Exercise instructions
Exactly the lines from the start of the entries through the line with "EXOのカイのファンコミュニ" are required in the output, with no pictures among them.

[Stored records]
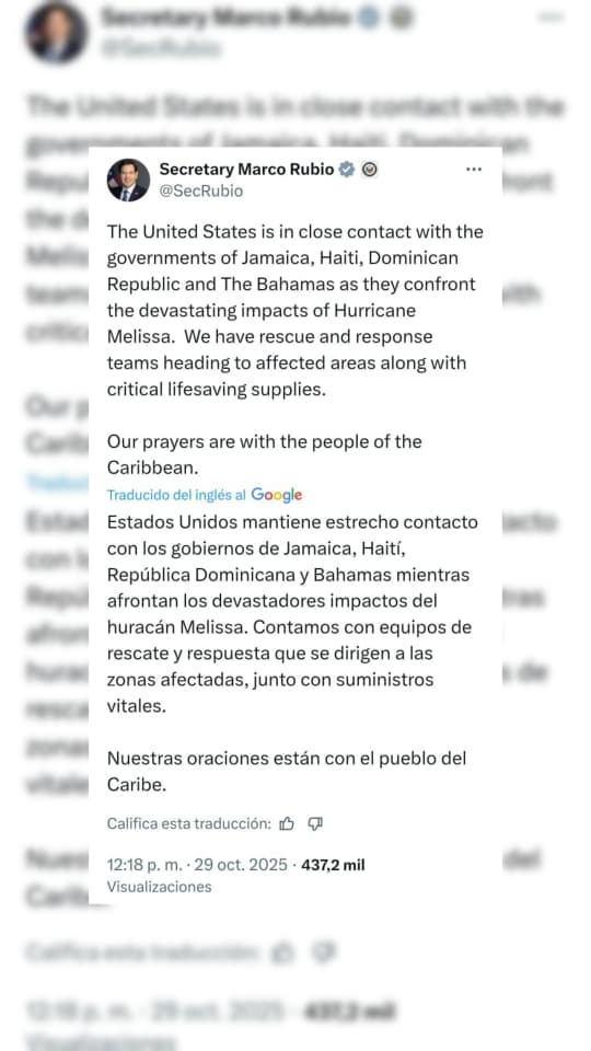 2. Desconocer a las personas en Cuba afectadas por el huracán Melissa es la mejor prueba del desprecio que siente por el pueblo de Cuba.
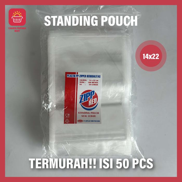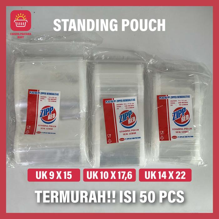 Plastik Standing Pouch Stp Seal Lebar Plastik Klip Double Seal Transparan Besar Lebar Isi 50 Pcs Uk 9X15 10X17,6 14X22 -
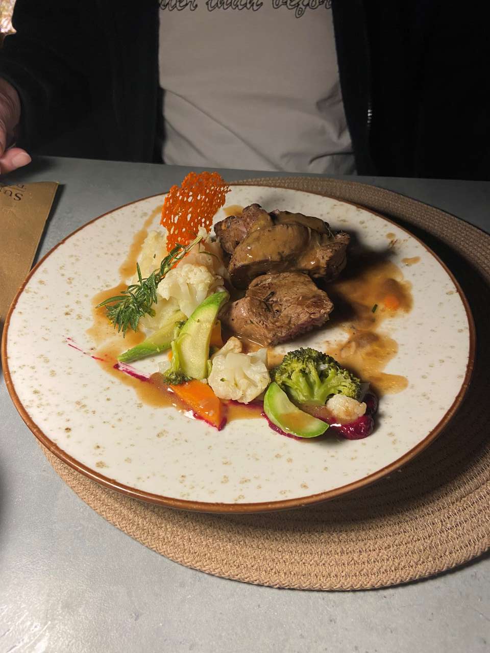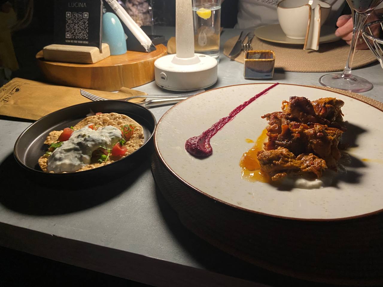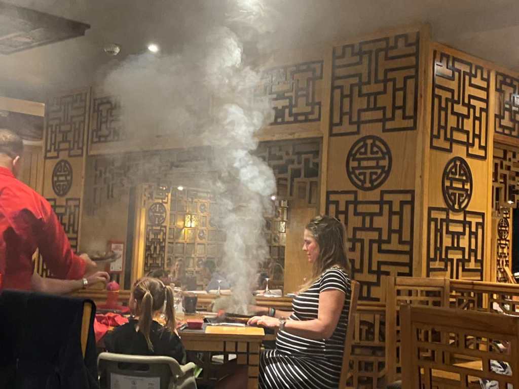 Wenige Minuten vor uns sind ebenfalls schon ein paar Gäste gekommen, sie werden in der Folge auch vor uns bedient. Als an einem der Nachbartische das bestellte Essen gekommen ist, stiegen zweimal Rauch oder Dampfwolken bei ihnen auf, wir können natürlich nicht erkennen, was sie zum Essen bestellt hatten.
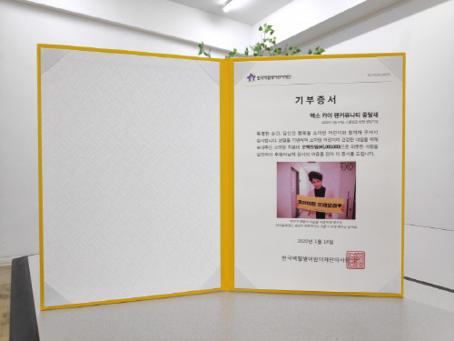 EXOのカイのファンコミュニティがカイの誕生日を記念して、韓国白血病こども財団に小児ガン治療費500万ウォン(約50万円)を寄付した。
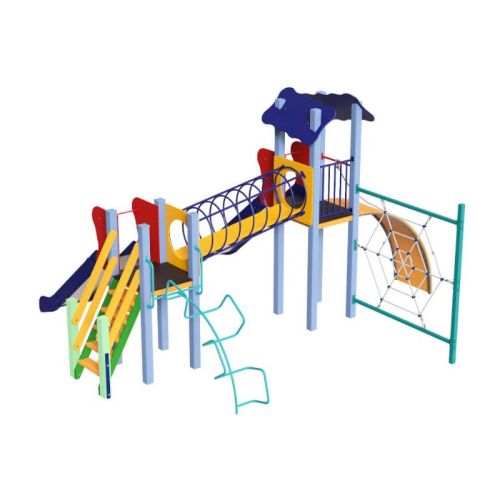 Виріб у вигляді яскравого спортивно-ігрового комплексу. З оригінальним дизайном, 2 гірками, східцями, мостиком, спортивною зоною. Для дітей від 5 років.

Solution for this task
 2. Desconocer a las personas en Cuba afectadas por el huracán Melissa es la mejor prueba del desprecio que siente por el pueblo de Cuba.
 Plastik Standing Pouch Stp Seal Lebar Plastik Klip Double Seal Transparan Besar Lebar Isi 50 Pcs Uk 9X15 10X17,6 14X22 -
 Wenige Minuten vor uns sind ebenfalls schon ein paar Gäste gekommen, sie werden in der Folge auch vor uns bedient. Als an einem der Nachbartische das bestellte Essen gekommen ist, stiegen zweimal Rauch oder Dampfwolken bei ihnen auf, wir können natürlich nicht erkennen, was sie zum Essen bestellt hatten.
 EXOのカイのファンコミュニティがカイの誕生日を記念して、韓国白血病こども財団に小児ガン治療費500万ウォン(約50万円)を寄付した。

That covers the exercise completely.